Today’s
Bible Gateway Verse
A new command I give you:
Love one another. As I have loved you, so you must love one another. By this
everyone will know that you are my disciples, if you love one another.
—John 13:34-35 (NIV)
Love one another. It is
not a suggestion. It is a command, and it is new because the One who has just
spoken it is about to reveal its depth by giving His life. Not ever in the history
of time has someone loved to this degree. Not ever before has a person, who has
no sin, taken on the sin of the world out of the purest of love and given His
life unconditionally. So this kind of love has never before been demonstrated. It
is a new command because Jesus has prepared himself to offer it. Just before
speaking this new command he has washed the disciples’ feet and revealed the one
who will betray him and the one who will deny Him. He has made himself less,
and then has revealed the human greed and deception living in human hearts. He
knows they don’t get it. Gethsemane waits where the disciples will sleep, and Calvary
waits for Him alone. And there mercy and grace with flow from the Savior who
has just said, “Love as I have loved you.”
As He has loved us, we
are also to love so everyone will know that we are His disciples—that we belong
to Him. But what has happened to the mercy and grace that flowed at Calvary?
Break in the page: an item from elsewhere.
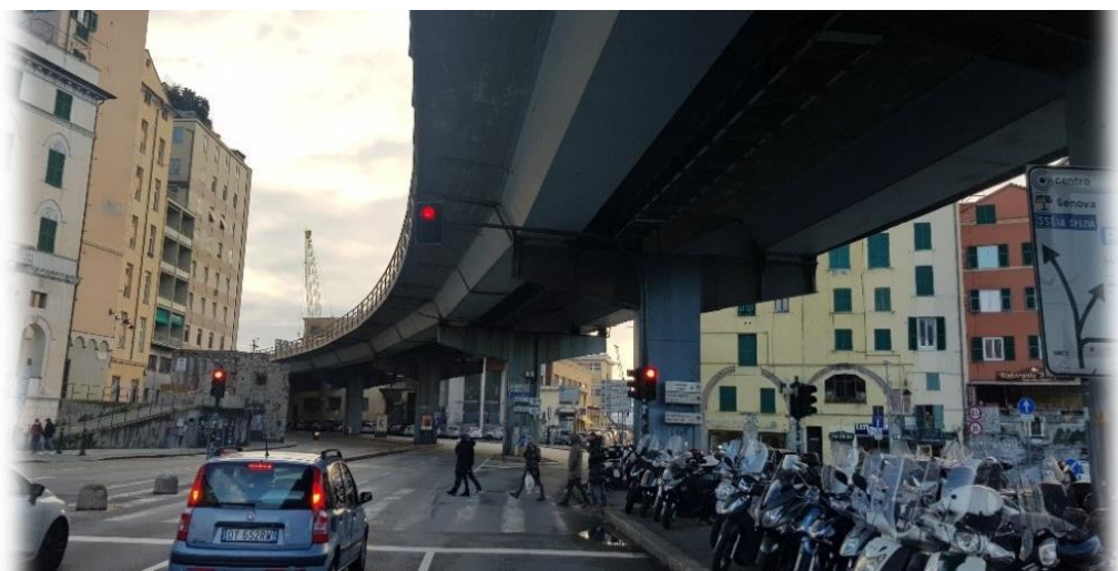
CARICAMENTO – INGRESSO PORTO ANTICO

Has it really changed us? We say we
love. We say the words. Yet so often we do as the world and bicker and argue
among ourselves and find fault and hold grudges and judge. The new command that
He confirmed—by giving up any “rights” and offering His life—has not
transformed and renewed. We have not been renewed by the Holy Spirit in the
spirit of our mind. We have not allowed the love of Calvary to transform us to its
greatest depth and in its greatest purpose. We have not allowed it to set us
free from self. And if we think “that’s not me”, remember that wasn’t Peter
either.
This is a daily offering—laying
down of self, and allowing Jesus to transform and renew. Self was crucified on
Calvary. A new command was given—that we are to love as he has loved us. Allow
the love that put you first on Calvary, to renew and fill your heart with His
love and not your own. Human love is fickle, but His loves beyond
measure—beyond fault—beyond “rights”. It
is the purest mercy and the unstoppable grace that conquers self. Cry out in
surrender, just as Peter, “Not just my feet, Lord, but wash all of me.” The
love of Calvary can’t be measured, but it can change our hearts and be lived.